### Exercise objective:
Please output exactly the part of the records below that opens with the line containing "This stylish crossbody" and closes with the line containing "Гистограмма демонстрирует распределение", both lines included, and nothing else.

___ Supplied material

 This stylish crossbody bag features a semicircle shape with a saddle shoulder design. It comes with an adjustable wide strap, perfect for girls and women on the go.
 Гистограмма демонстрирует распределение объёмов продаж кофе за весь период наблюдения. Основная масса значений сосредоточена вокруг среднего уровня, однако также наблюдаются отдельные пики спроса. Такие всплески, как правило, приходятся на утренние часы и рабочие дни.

______
___ Supplied material

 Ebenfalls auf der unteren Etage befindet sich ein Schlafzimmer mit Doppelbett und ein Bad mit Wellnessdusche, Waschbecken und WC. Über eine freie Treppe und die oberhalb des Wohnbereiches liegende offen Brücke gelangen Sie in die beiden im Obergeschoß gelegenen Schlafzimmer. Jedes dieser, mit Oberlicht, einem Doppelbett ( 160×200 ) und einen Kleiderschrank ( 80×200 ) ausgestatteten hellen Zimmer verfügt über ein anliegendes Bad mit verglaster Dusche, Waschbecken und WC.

______
___ Supplied material

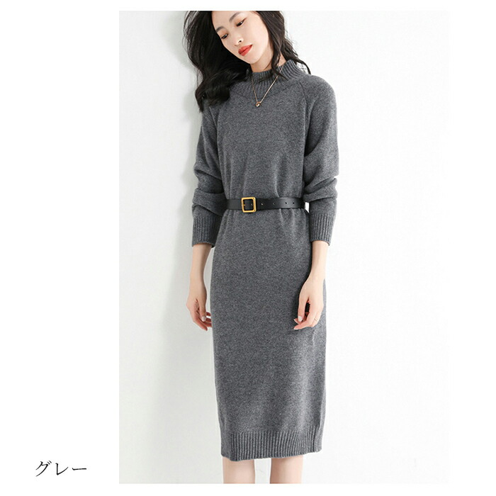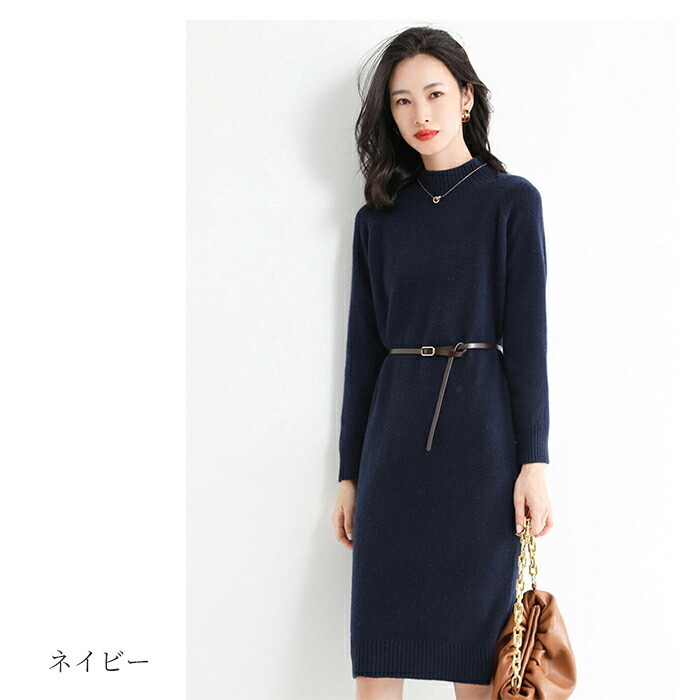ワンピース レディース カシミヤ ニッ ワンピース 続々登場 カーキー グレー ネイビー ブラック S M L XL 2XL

______

### Written response:
 This stylish crossbody bag features a semicircle shape with a saddle shoulder design. It comes with an adjustable wide strap, perfect for girls and women on the go.
 Гистограмма демонстрирует распределение объёмов продаж кофе за весь период наблюдения. Основная масса значений сосредоточена вокруг среднего уровня, однако также наблюдаются отдельные пики спроса. Такие всплески, как правило, приходятся на утренние часы и рабочие дни.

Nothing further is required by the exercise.